I was reading a artical where he said he can milatary press over 400' for rep's

Any way you cut it branch is a true bad ass

----------


## *Narkissos*

Yea Branch is an inspiration for sure!

----------


## almostgone

...He's the Tom Platz of our generation...except Branch has more mass....

AG

----------


## SVTMuscle*

jesus he looks like a sculpture! 


his arms are so short!

----------


## C_Bino

Nark I agree about the Mustafa, I thought he was going to take the wheels award at the O last year. Than again Cutlers legs are unbelievable also and his hams beat out Mustafa's.

I have never been a huge fan of branch, cant tell you why but something just doesnt seem too great when I look at it. But I have seen some training videos with him and the man truly does light a fire under your ass. He is impressive.

----------


## guest589745

Huge guys, both of em. Just crazy man, I hope I get half that size one day.

----------


## JohnboyF

Holy crap Branch is a beast..I seen some clips with him and his training partner Johnnie Jackson ( i think) they throw up some serious weight.

----------


## JohnboyF

This is all i could find but i think its BS

http://www.gakic.com/pdf/BranchWarren_Quad_Routine.pdf

----------


## mwolffey

holy hell...hes massive

----------


## Carlos_E

A few more of Branch

----------


## jollygreenGIANT

> I came across this on another board. Branch off season. I want to train with this guy. I wonder what his leg workout is like.



wow he is a monster! how old is he?

----------


## Kärnfysikern

> 


that right there is the platz and quadzilla of today. The most underappriciated pro right now. : 1106:

----------


## Timm1704

> that right there is the platz and quadzilla of today. The most underappriciated pro right now.


id have to agree

----------


## Carlos_E

> that right there is the platz and quadzilla of today. The most *underappriciated pro* right now.
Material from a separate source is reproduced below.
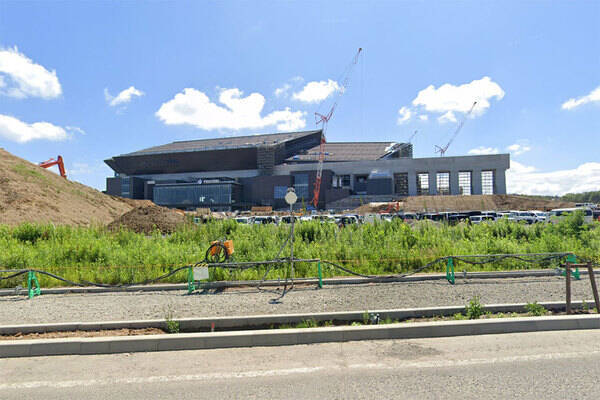 2022年7月建設中の日ハム新球場「エスコンフィールド」及び北海道ボールパークFビレッジ(画像:Google)。

...Because his symmetry is all jacked up.

----------


## Kärnfysikern

> ...Because his symmetry is all jacked up.


true but I cant say branch is a example of symmetry either  :Big Grin: 

Every competition I have seen mustafa enter there is always 3-4 dudes placing above him that is much smaller and have worse symmetry. Maby the pictures isnt telling the whole story. But from just looking at the pic it seems like Mustafa gets ****ed every competition....

If the judges want to award mass monsters they should take a look at mustafa and place him high. If they want to award asthetics they should not let someone like Cutler take second place in the mr o.

----------


## Carlos_E

I've seen him in person in a show and his symmetry is off. He is bottom heavy but not in a good way. I think Branch has better symmetry than Mustafa. That's just my opinion.

----------


## Kärnfysikern

> I've seen him in person in a show and his symmetry is off. He is bottom heavy but not in a good way. I think Branch has better symmetry than Mustafa. That's just my opinion.
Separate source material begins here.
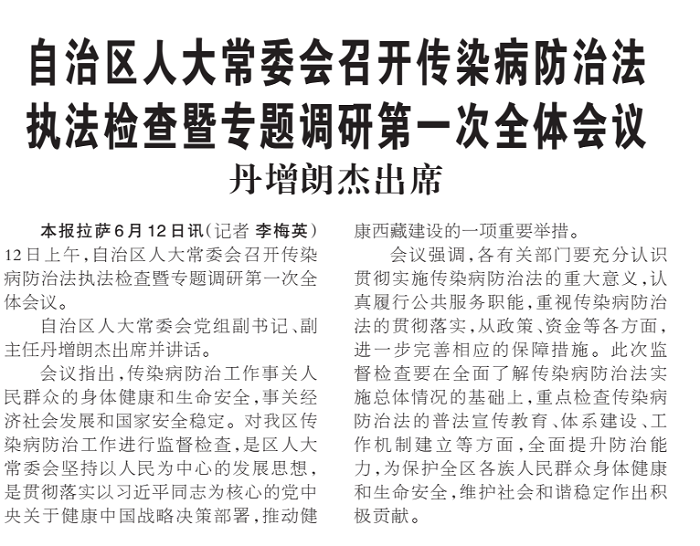 - · 自治區(qū)人大常委會召開傳染病防治法 執(zhí)法檢查暨專題調(diào)研第一次全體會議——丹增朗杰出席

havent seen any of them in real life so cant debate with that  :Smilie:  Both are uggly as sin though  :LOL:

----------


## Carlos_E

It sure isn't a beauty contest.

----------


## spound

> that right there is the platz and quadzilla of today. The most underappriciated pro right now.


Nah..mustafa often times misses his conditioning...he usually looks better a coupe weeks out and then on stage he is softer and sometimes looks like he spilled over. THat, and like Carlos said, his symmetry is off.

----------


## doctorherb

> I came across this on another board. Branch off season. I want to train with this guy. I wonder what his leg workout is like.



That was in Chattanooga. Branch only works legs once a month. My training partner just got back from Dallas after a week of training with Branch. He said it was insane.

----------


## doctorherb

> geeze, any guesses on how much he is weighing there?



Branch is 275 @ 5'7"....

----------


## Kärnfysikern

> Nah..mustafa often times misses his conditioning...he usually looks better a coupe weeks out and then on stage he is softer and sometimes looks like he spilled over. THat, and like Carlos said, his symmetry is off.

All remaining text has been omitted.